Joining is a convenient method for combine the columns of two potentially differently-indexed DataFrames into a single result DataFrame.

![LEFT-RIGHT-INNER-OUTER-JOINT.jpg](attachment:LEFT-RIGHT-INNER-OUTER-JOINT.jpg)

In [42]:
left = pd.DataFrame({'A':['A0','A1','A2'],
                   'B':['B0','B1','B2']},
                  index=['K0','K1','K2'])

right = pd.DataFrame({'C':['C0','C2','C3'],
                   'D':['D0','D2','D3']},
                  index=['K0','K2','K3'])

In [43]:
left.join(right)

Unnamed: 0,A,B,C,D
K0,A0,B0,C0,D0
K1,A1,B1,,
K2,A2,B2,C2,D2


In [44]:
left.join(right, how='outer')

Unnamed: 0,A,B,C,D
K0,A0,B0,C0,D0
K1,A1,B1,,
K2,A2,B2,C2,D2
K3,,,C3,D3


### merge vs join

These are the main differences between `df.join()` and `df.merge()`:

* lookup on right table: `df1.join(df2)` always joins via the **index** of `df2`, but `df1.merge(df2)` can join to one or more columns of `df2` (default) or to the index of `df2` (with `right_index=True`).

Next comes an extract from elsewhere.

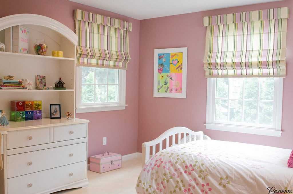Если в комнате преобладает розовый цвет, шторы лучше брать однотонные пастельных оттенков. Прекрасное сочетание будет однотонной римской шторки и яркой занавески.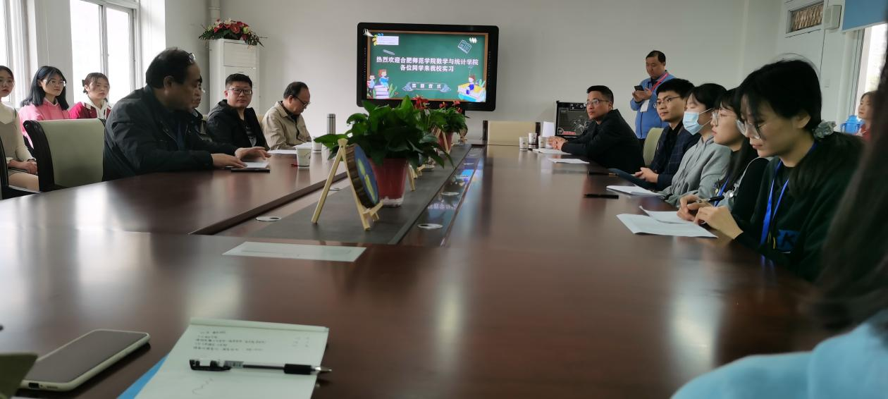 本网讯 根据学校教育实习工作安排,3月30日上午,数学与统计学院2018级数学与应用数学(师范)专业25名学生在张晓贵教授、许和乾副教授和吴兴杰副教授的带领下,赴合肥第48中学望湖校区开展为期14周的教育实习工作。合肥第48中学史承灼校长、谷峰副校长带领相关指导老师为我院实习生和带队老师举行了热烈的欢迎见面会。

* lookup on left table: by default, `df1.join(df2)` uses the **index** of `df1` and `df1.merge(df2)` uses **column(s)** of `df1`. That can be overridden by specifying `df1.join(df2, on=key_or_keys)` or `df1.merge(df2, right_index=True)`.

* left vs inner join: `df1.join(df2)` does a **left join** by default (keeps all rows of `df1`), but `df.merge` does an **inner join** by default (returns only matching **rows** of `df1` and `df2`).